= Left Group of Finnish Workers =

Former socialist political party in Finland

Left Group of Finnish Workers (Suomen työväen vasemmistoryhmä) was a socialist political party in Finland. The party was active in the late 1920s and early 1930s. The group was founded by activists who had previously cooperated with the Communist Party of Finland (SKP). Niilo Wälläri, Eino Pekkala, Erkki Härmä and Kusti Kulo were some of the well-known leaders of the group. The group had supporters mainly in the southern industrial cities of Finland.

The communists – who followed Comintern's Third Period policy – had a very negative attitude to the Left Group, whose members were branded "vacillators" (Hoipertelijat). The group was considered more dangerous than social democrats or the far right. The Left Group called their communist critics fanatical "beaters in the air" (Huitojat). The Social Democratic Party of Finland was also critical of the Left Group and they avoided cooperation. It was tactically important for the SDP to maintain an image that considered their left-wing opponents as a single Moscow-led entity.

The Left Group published the paper Suomen Työmies in 1930. In Vaasa, Työn Ääni was also briefly in the hands of the Left Group.

== Schisms of the far left ==

In the 1920s, the underground communist party worked with left socialists in various legal coalitions. Schisms between the partners began to intensify in the mid-1920s. The problematic relations between communists in Finland and those who had emigrated to Soviet Union was the main question. The socialists outside SKP criticized the Soviet-residing leadership and Comintern for excessive intervention in activities inside Finland. A pamphlet called Away with the emigrants (Irti emigranteista) was published in April 1925. Conflicts escalated when the SKP adopted the uncompromising third period program of Comintern in 1928. Critical attitude to other leftist parties was now emphasized.

The socialist opposition gained support especially in the trade union movement, in which the social democrats were in minority, and the conflict became pronounced in the 8th congress of Suomen Ammattijärjestö, the Finnish Trade Union centre, in May 1929. The communists tried to gather support for the so-called Copenhagen treaty according to which the cooperation between Finnish, Norwegian and Soviet trade unions was to be increased. In addition, they wanted to end cooperation with the International Labour Organization and to intensify fight against social fascism. The socialist majority of the left-wing majority, however, thought it was not wise to exacerbate the relations with the social democrats further and the initiatives were rejected. Still, the social democrats left the SAJ after the congress as a protest to communists.

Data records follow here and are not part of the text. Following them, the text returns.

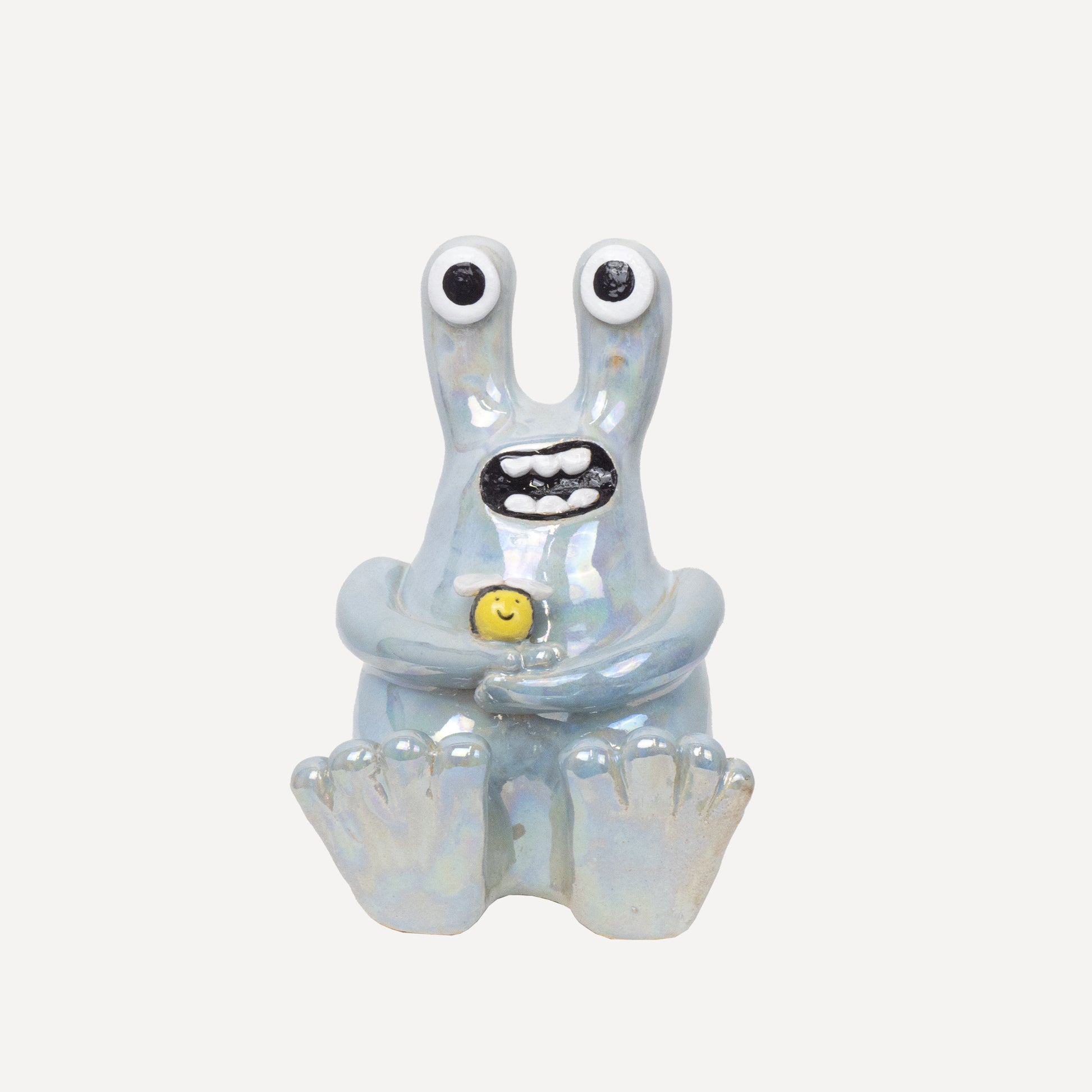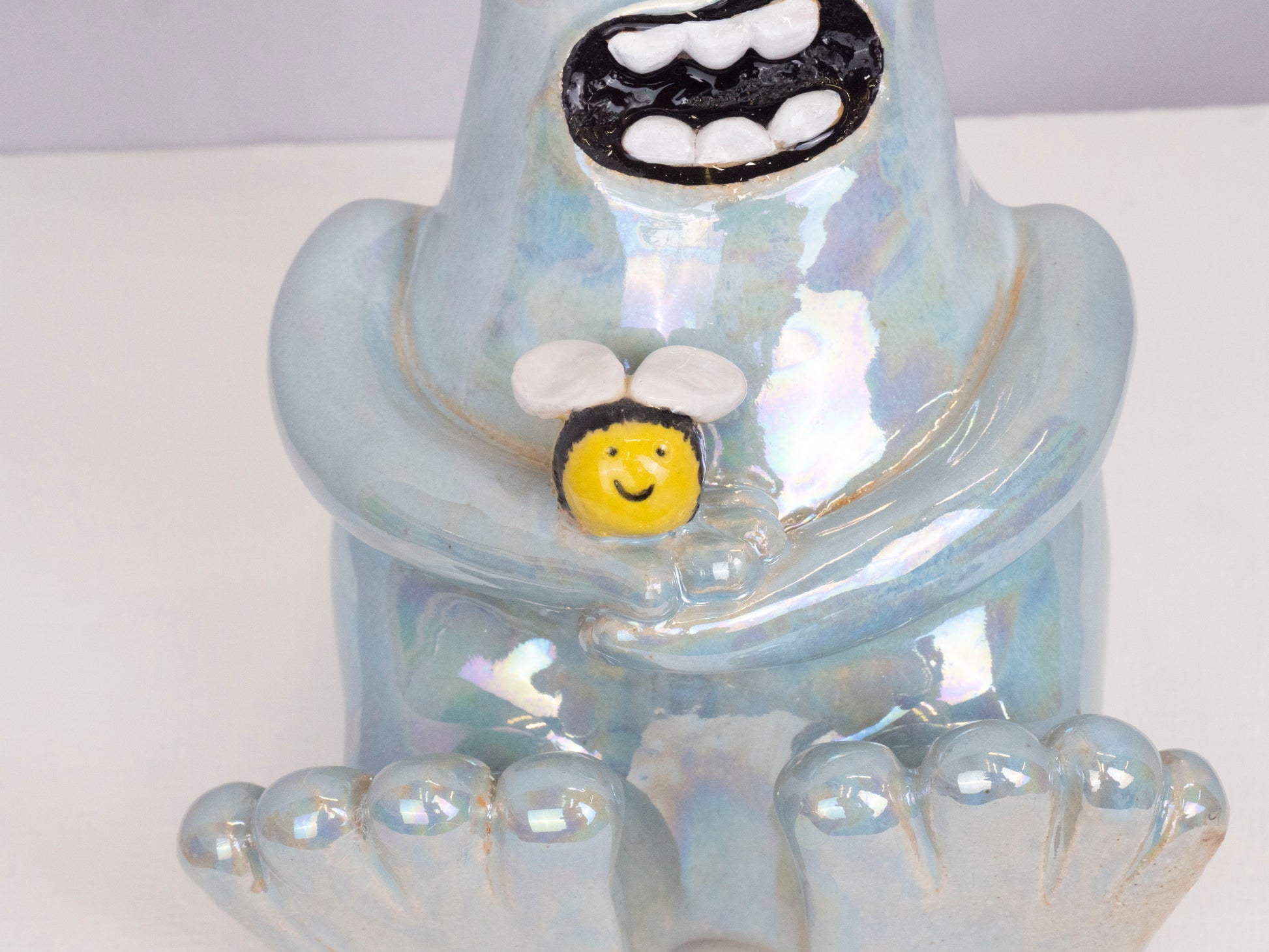 'Buddy with a Bee' is a handmade sculpture finished with a light blue glaze with a pearlescent finish. Great for you or your favourite people, our Buddy will be sure to add love and joy to anyone's day.
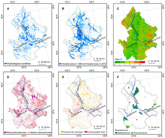 Spatial pattern of indicators for wetland restoration: (A) hydrological condition in 2015; (B) flooded area in 1998 and 2013; (C) land slope; (D) human disturbance; (E) isolated cropland; (F) protected area.
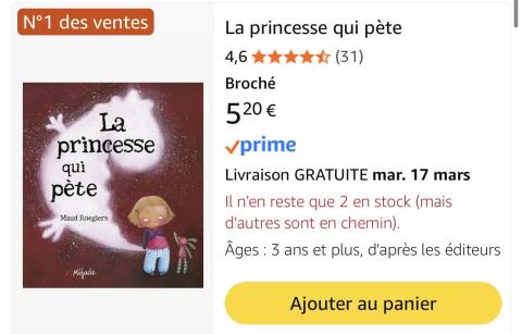 Ce produit est extrait d'une liste de cadeaux (Anniversaire, Noël, ...) déposée sur Kadolog. Kadolog permet de créer des listes de cadeaux (Anniversaire, Noël, ...) en toute liberté. Il est possible d'ajouter toutes vos envies cadeaux et de recevoir les dons directement sur votre compte. Avec les dons reçus, vous êtes alors libre d'aller acheter vos produits (comme ce 'Livre la princesse qui pete ') où et quand vous le souhaitez.
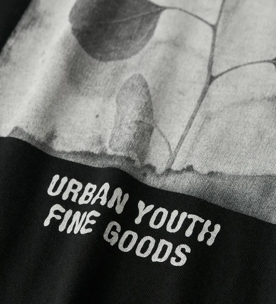 Flot Name It t-shirt i sort med teksten “Eco Warrior Positive Influencer” i hvid på venstre bryst. På ryggen er der et stort print med tekst og blade i grå nuancer. Name It t-shirten har en rund halsudskæring med en smal ribkant og korte ærmer.
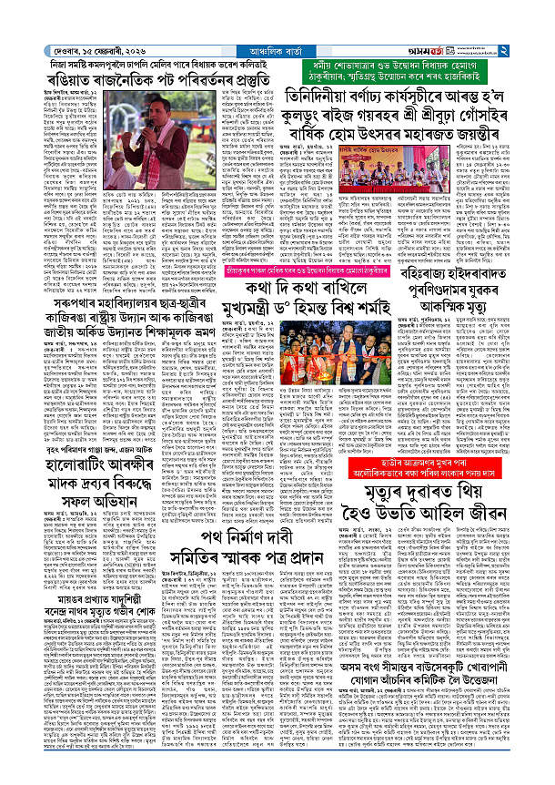 15-02-2026 Page: 2 February 15, 2026 Asom Barta Page 1Page 2Page 3Page 4Page 5Page 6Page 7Page 8 Thumbnails × 15-02-2026 Page 1Page 2Page 3Page 4Page 5Page 6Page 7Page 8 Full PDF << First << 1 2 >> Last >> << First << 2 >> Last >> Hide Page 1Page 2Page 3Page 4Page 5Page 6Page 7Page 8
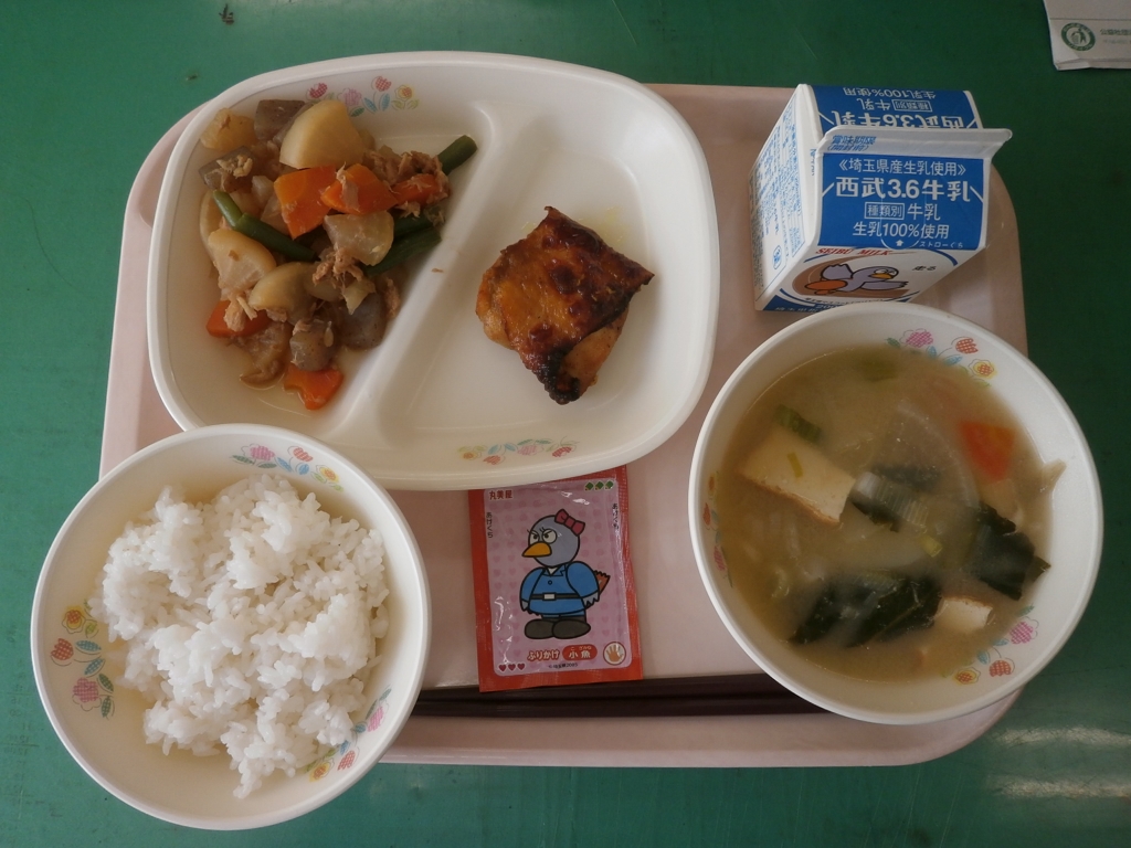 牛乳、ごはん、野菜椀 スパイシー照り焼きチキン 大根とツナの煮物 ふりかけ

The SKP was not happy with the outcome of the SAJ congress and the stance was supported by Comintern. This was made clear in summer 1929 when the communists openly attacked their socialist comrades. Following Comintern orders, the SKP began to oust socialists from leading positions in trade unions. In autumn, the objective was put into practice, and the SKP regained control of the SAJ executive committee. The majority was temporarily lost in 1928 after many leading communists were arrested by the state police. The policy was strongly objected by the socialist trade union leaders including Matti Väisänen and Erkki Härmä. The socialists tried to gain support for an extraordinary SAJ congress but the effort was not successful.

== Left Group gets organized ==

Left Group of Finnish Workers was founded in December 1929. The first central committee consisted of Eino Pekkala (chairman), Uno Nurminen (vice chairman), Hugo M. Ahokanta (secretary), Emil Tuomi, Kusti Kulo and August Raatikainen. Matti Väisänen, Nurminen and Niilo Wälläri formed the important trade union committee. To clarify its policies, the new group released a three-page pamphlet in which the extremist communist line was rejected. In January 1930, the group organ Suomen Työmies hit the newsstands. In its first issue the paper emphasized independence of the Finnish workers' movement and demanded that the union statutes should be respected.

In spring the Left Group acted against SAJ policy of founding new trade unions to sectors controlled by the social democrats who had left the central organization. Meanwhile, the communist strengthened their positions in the SAJ and three prominent socialist leaders, Wälläri (Kuljetustyöläisten liitto), Nurminen (Rakennustyöläisten liitto) and Nestori Ahonen (Puuteollisuustyöväen liitto), were purged. Nurminen resigned from the SAJ executive committee. Kusti Kulo, who was in charge of the SAJ education work, was expelled in June. Still, the Left Group tried to work with the communists. It was suggested that the left, including social democrats, should unite against the far-right Lapua Movement which was terrorizing the organized workers. The SKP did not agree.

In July, all activities of the SAJ and its organizations were banned by the state. Left-wing newspapers were closed and politicians arrested, including members of the Socialist Parliamentary Group of Workers and Smallholders, a joint effort of left socialists and communists. The socialist left, however, participated in the formation of a new SDP-controlled trade union SAK, which, in its early years, was boycotted by the SKP.